It preserves the Federal commitment to the mostly elderly and disabled
tenants of public housing and section 8 project-based housing, while
the intentional short funding of both programs in the House bill would
ultimately lead to their demise.
The House bill falls short in these and many other areas because its
investment level is simply unsustainable. It is even lower than
sequester levels. Without adequate resources to fund core and housing
programs, it cuts deeply and broadly and very few programs escape the
axe.
The approach taken by the House should concern all of us, because
this is not about politics, it is about our country. Investing in our
infrastructure is something that brings together the U.S. Chamber of
Commerce, major labor groups such as the AFL-CIO, economists, and
policy experts across the entire political spectrum because, as any
business owner will tell you, no matter how challenging the current
environment, you never want to cut the
[[Page S5815]]
investments that allow you to compete and prosper once that crisis
ends.
There are plenty of independent assessments showing that right now as
a country we are not investing enough in our aging infrastructure, and
no one--no one--is suggesting we invest too much. The fact is, if we
slash our investments in infrastructure, we are not saving any money at
all; we are making things worse. We are weakening our basis for private
investment and economic growth. We are putting public safety at risk.

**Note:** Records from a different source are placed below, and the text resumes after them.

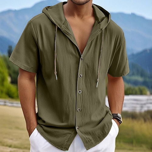 Per uomo Camicia Camicia di lino Camicia Estiva Abbigliamento da spiaggia Camicia con cappuccio Tinta unica Vacanza Ferie Nero Bianco Blu marino Verde Manica Corta Con Cappuccio Estate Primavera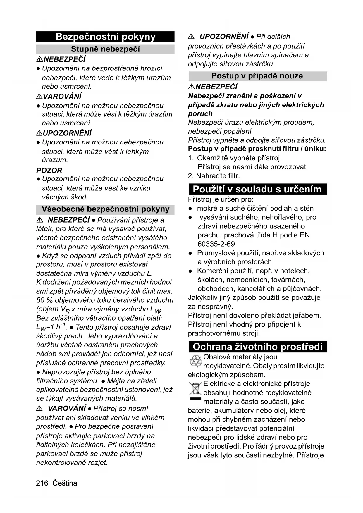 - EU prohlášení o shodě 16 Čeština Bezpečnostní pokyny Stupně nebezpečí NEBEZPEČÍ ● Upozornění na bezprostředně hrozící nebezpečí, které vede k těžkým úrazům nebo usmrcení. 몇 VAROVÁNÍ ● Upozornění na možnou nebezpečnou situaci, která může vést k těžkým úrazům nebo usmrcení. 몇 UPOZORNĚNÍ ● Upozornění na možnou nebezpečnou situaci, která může vést k lehkým úrazům. POZOR ● Upozornění na možnou nebezpečnou situaci, která může vést ke vzniku věcných škod. Všeobecné bezpečnostní pokyny NEBEZPEČÍ ● Používání přístroje a látek, pro které se má vysavač používat, včetně bezpečného odstranění vysátého materiálu pouze vyškoleným personálem. ● Když se odpadní vzduch přivádí zpět do prostoru, musí v prostoru existovat dostatečná míra výměny vzduchu L. K dodržení požadovaných mezních hodnot smí zpět přiváděný objemový tok činit max. 50 % objemového toku čerstvého vzduchu (objem V p. 2272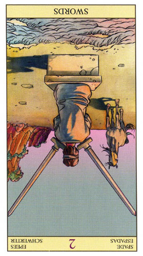 The 2 is an assignment number in tarot, and in this case of the 2 of Swords, it's about being forced to wait for something, often even while blindfolded in some sense.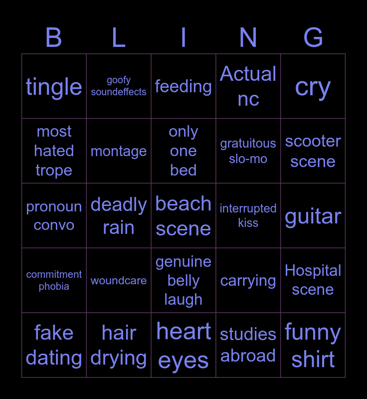 This bingo card has 25 words: woundcare, heart eyes, only one bed, fake dating, cry, tingle, most hated trope, goofy soundeffects, interrupted kiss, genuine belly laugh, gratuitous slo-mo, pronoun convo, carrying, Hospital scene, montage, funny shirt, guitar, feeding, scooter scene, deadly rain, beach scene, hair drying, commitment phobia, Actual nc and studies abroad.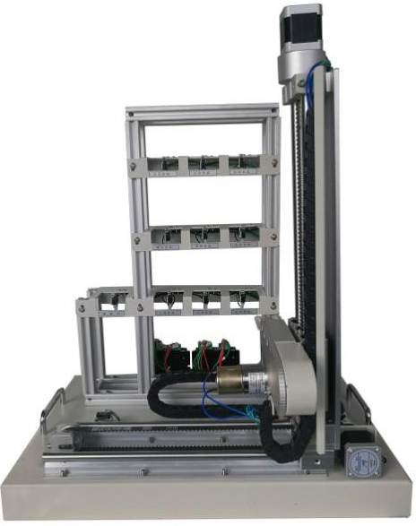 模型包含三層九倉位庫體、出/入庫倉位庫體、三維(X、Y、Z)運動機械及電氣控制等部分組成;定位執行機構由豎軸和橫軸組成;驅動機構由步進電機及步進電機驅動器組成;傳動軸為滾珠絲桿傳動和雙軸導軌帶傳動,傳動平穩。取物軸由直流減速電機驅動,可實現前后兩方向的運動。 |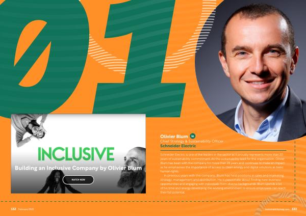 Schneider Electric is one of the leaders in the sector as it proudly represents more than 20 years of sustainability commitment . As the sustainability lead for the organisation , Olivier Blum has been with the company for more than 28 years and continues to make an impact as he emphasises the importance of access to clean energy and digital solutions as basic human rights .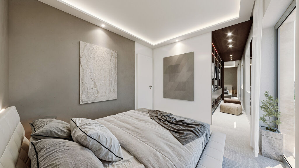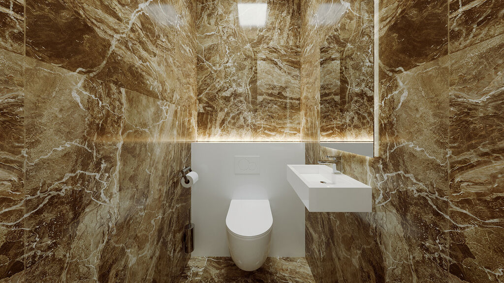 • Luxusně zařízená koupelna dle vizualizací (vana, sprchový kout, podomítkové baterie, dvojité umyvadlo, osvětlené zrcadlo, topný žebřík, nika)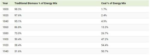 因此,像英国这样的工业化经济体需要一种新的、更便宜的能源。能源转向煤炭,标志着第一次重大能源转型的开始。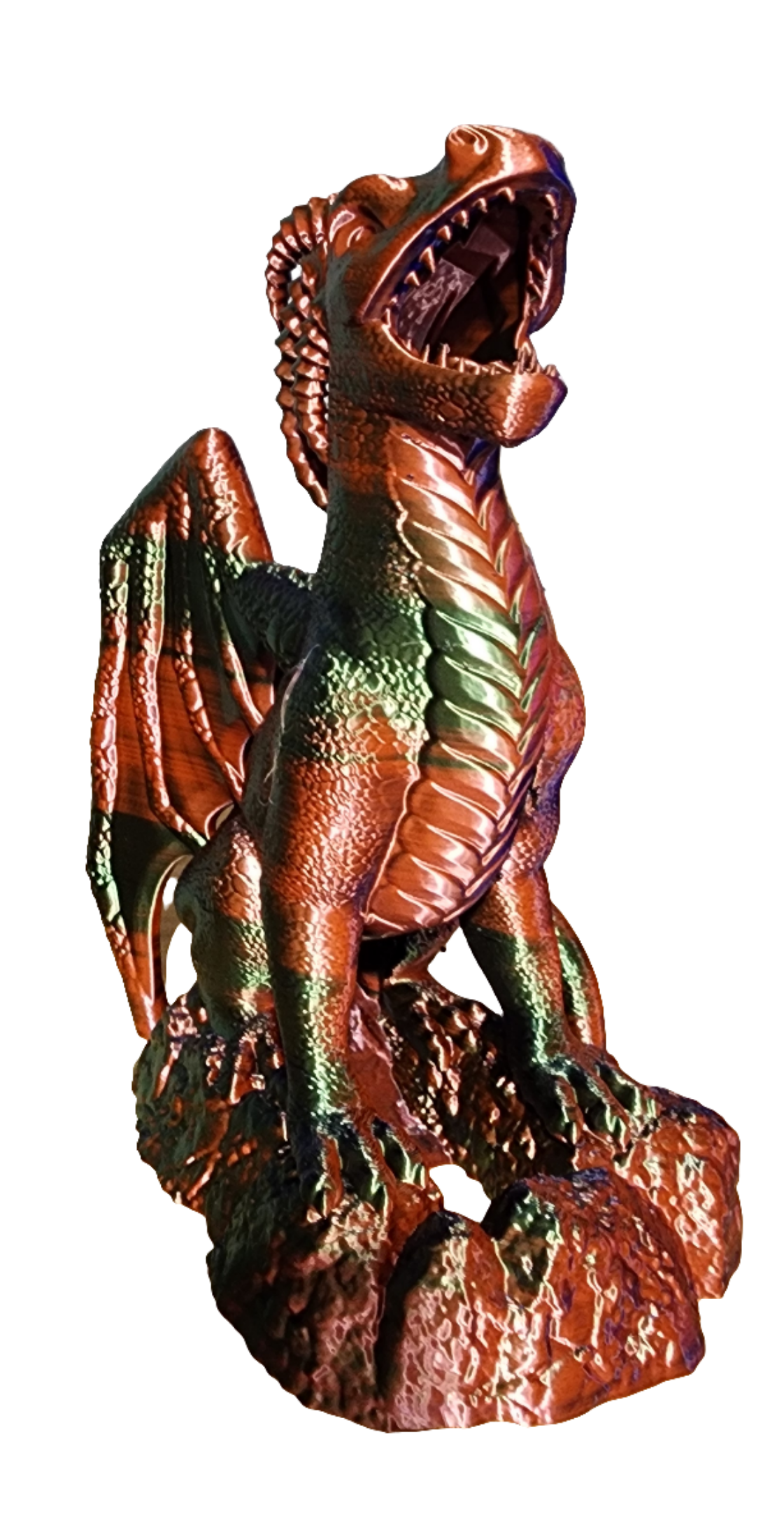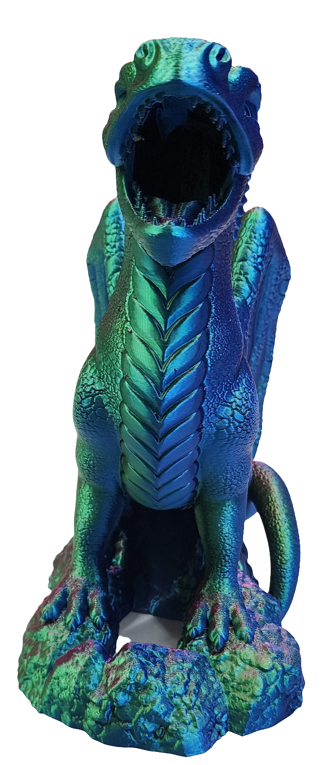 Elevate your tabletop gaming with this majestic 3D printed dragon dice tower! Featuring a dragon sitting proudly with its wings folded at its sides, its head tilted upward and mouth open to receive your dice. Watch as the dice roll seamlessly through its body and emerge from the front, adding a touch of fantasy and drama to every roll. A perfect blend of functionality and striking design, it’s an ideal addition to any D&D or tabletop gaming collection!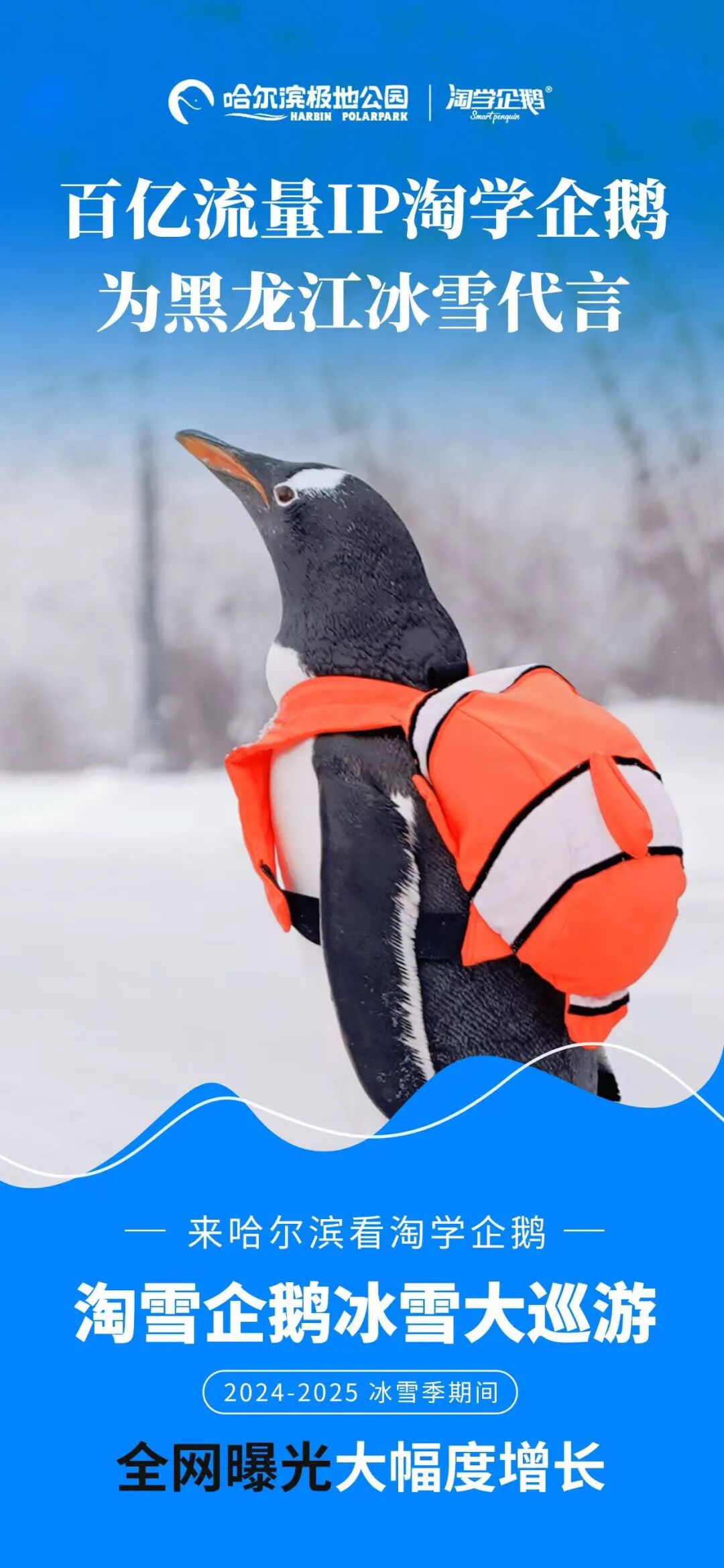 哈尔滨极地公园原创冰雪文旅IP“淘学企鹅”,开创性地将南极企鹅引入户外场景,原创“淘学企鹅打卡地标景点”、“淘学企鹅城市巡游”和“淘学企鹅冰雪大巡游”三大爆款活动。作为黑龙江冰雪天使、哈尔滨城市旅游IP,“淘学企鹅”全网曝光量突破300亿次,成为全国最具影响力的城市品牌之一,“来极地公园,看企鹅巡游”成为全国游客的热门打卡目标。
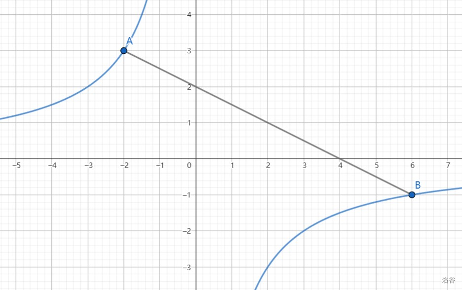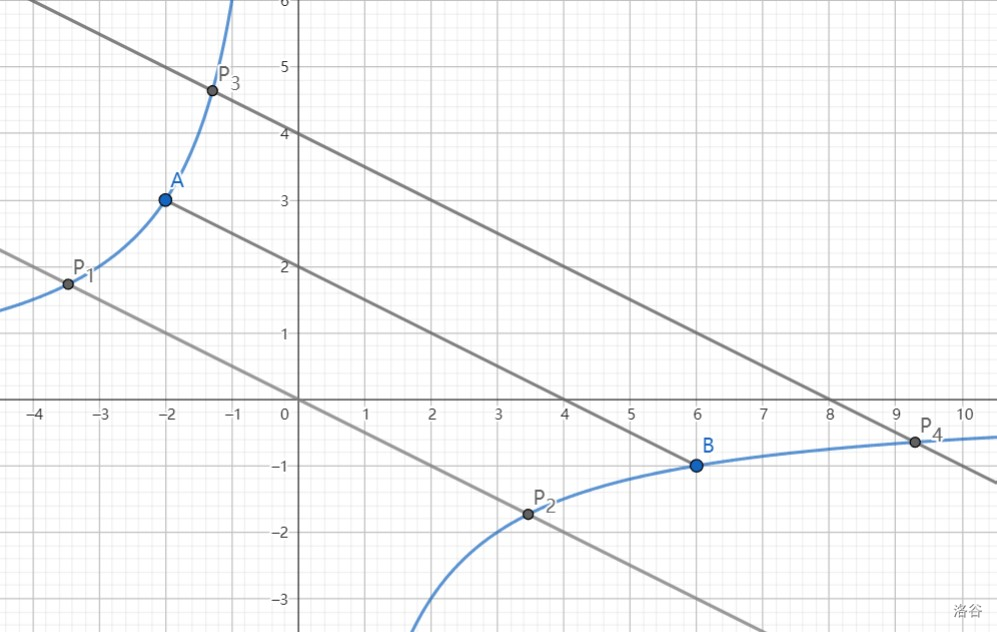 如图,y=−x6 上有两点 A(−2,3),B(6,−1),若点 P 在 y=−x6 上,且 S△APB=8,求点 P 坐标。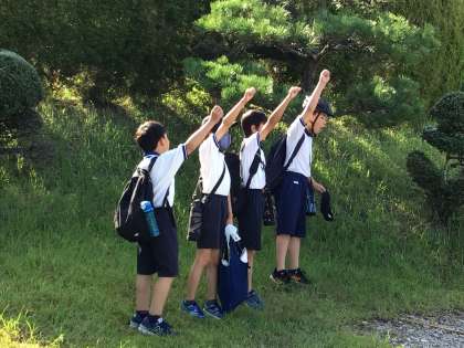 晴天に恵まれ、大会当日を迎えました。出発式では、交通指導員•地域の方々や保護者の皆様、教職員に見守られながら、選手一人一人が意気込みを述べました。これまで練習してきたことを生かし、自己ベストが出せることを願っています。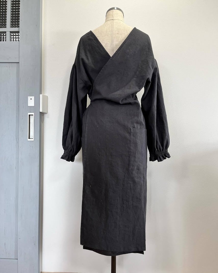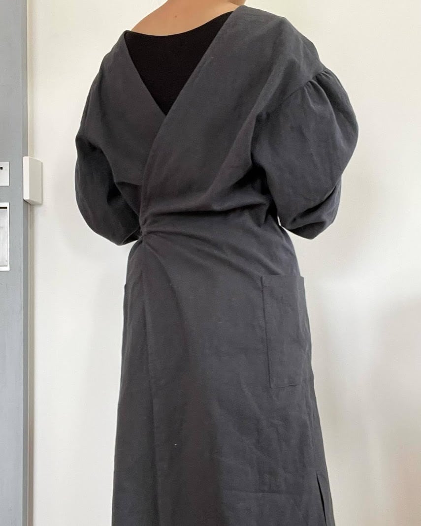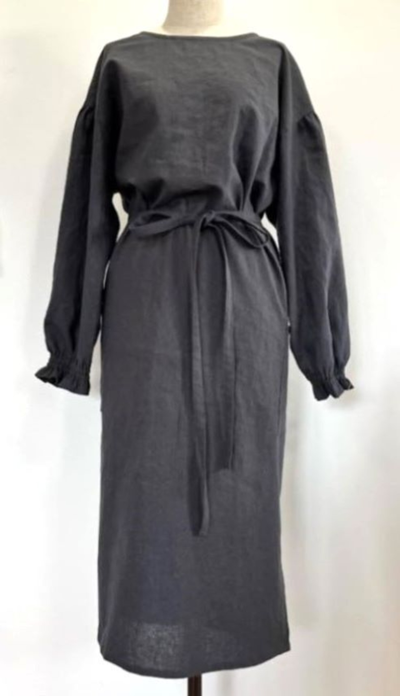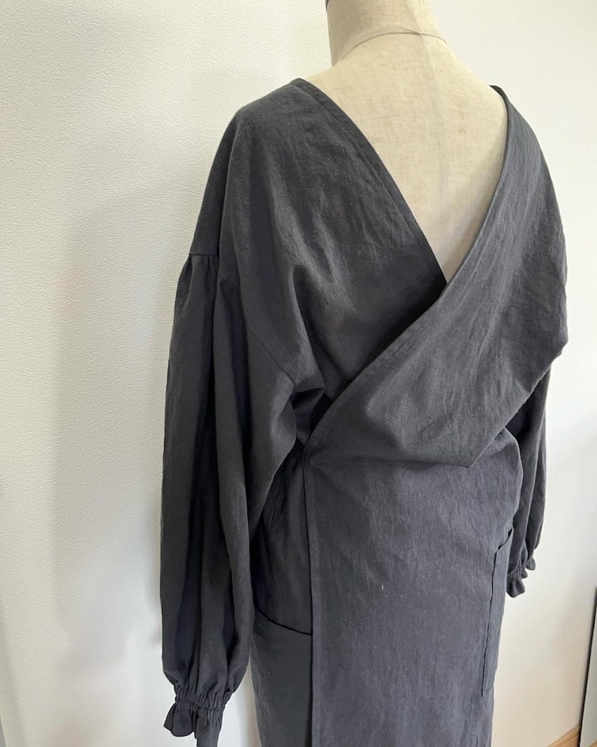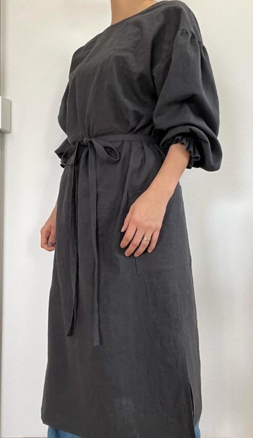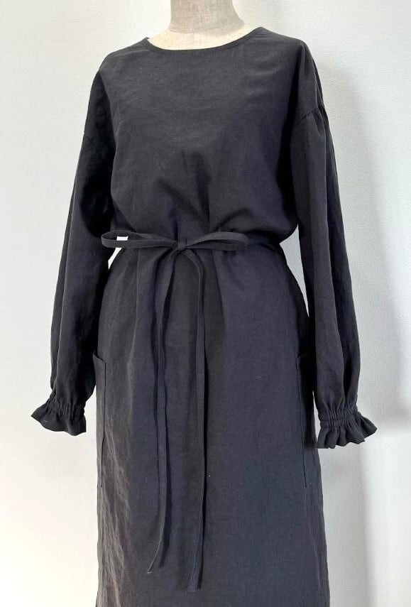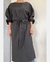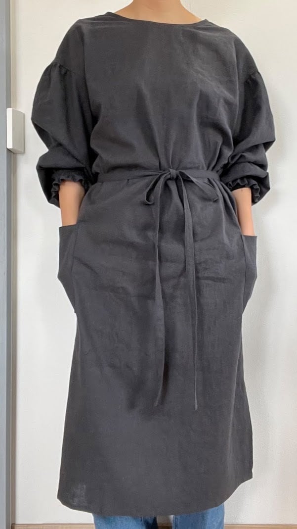 【受注製作・コットンリネン】フワッと袖の前結び割烹着 コットンリネン(綿麻混合)
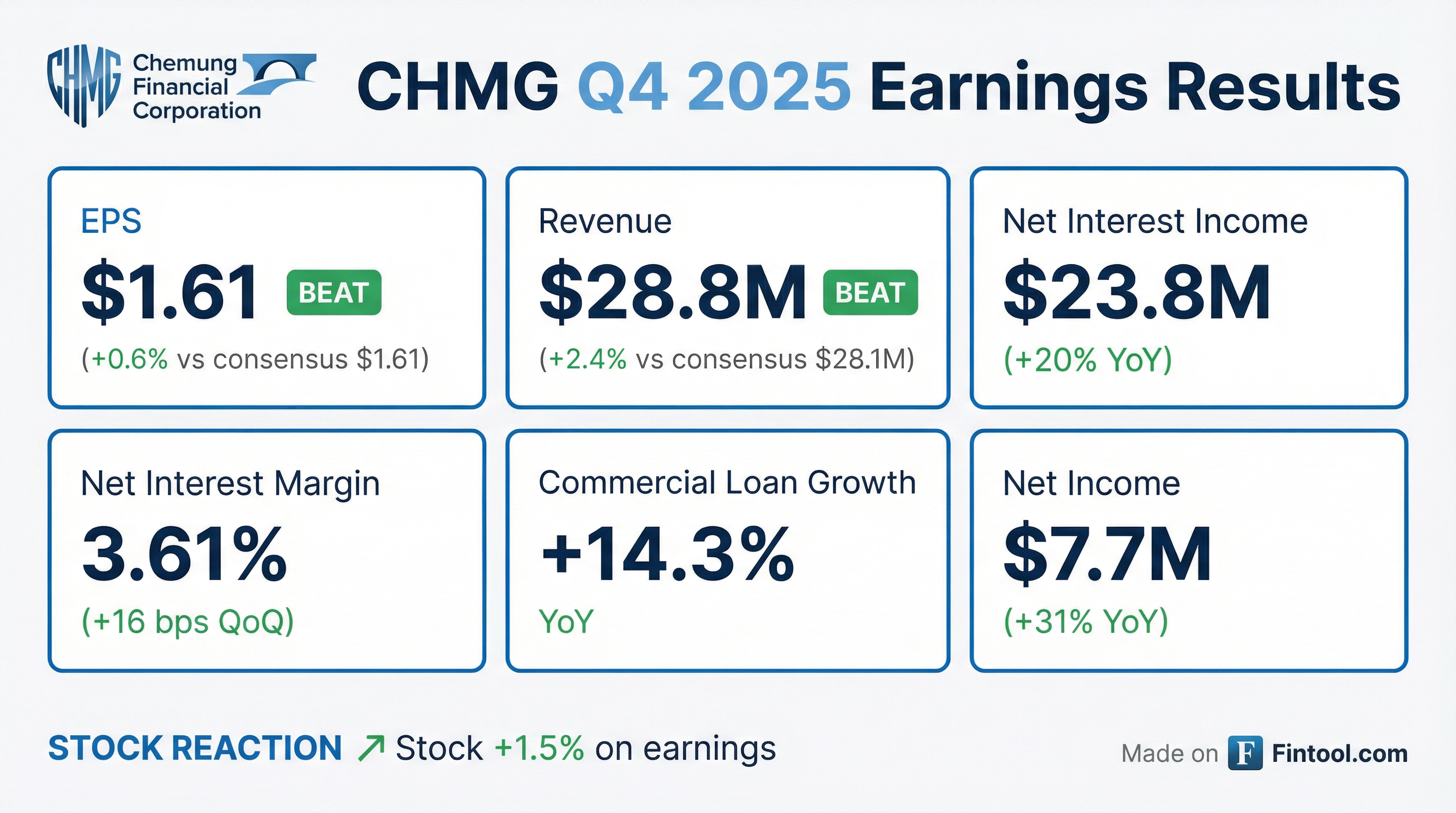 - Chemung Financial Corporation reported Q4 2025 EPS of $1.61 and full-year 2025 non-GAAP net income of $27.9 million, with a Net Interest Margin of 3.61% for Q4 2025.

We are allowing congestion to continue taxing families with painfully
long commutes, long waits at airports, and health-threatening
pollution.
Roads are going to need to be fixed eventually. Bridges are going to
need to be strengthened at some point before they collapse. The air
traffic control system will have to be modernized before air travel
becomes too unreliable. Waiting will only make the work more expensive
when we eventually do it. It is shortsighted and does not make any
sense. That is why the bipartisan Senate bill supports critical
investments in our Nation's infrastructure that are necessary to
support and grow our economy. The investments included in our bill make
it possible for people to get to work and products to get to market.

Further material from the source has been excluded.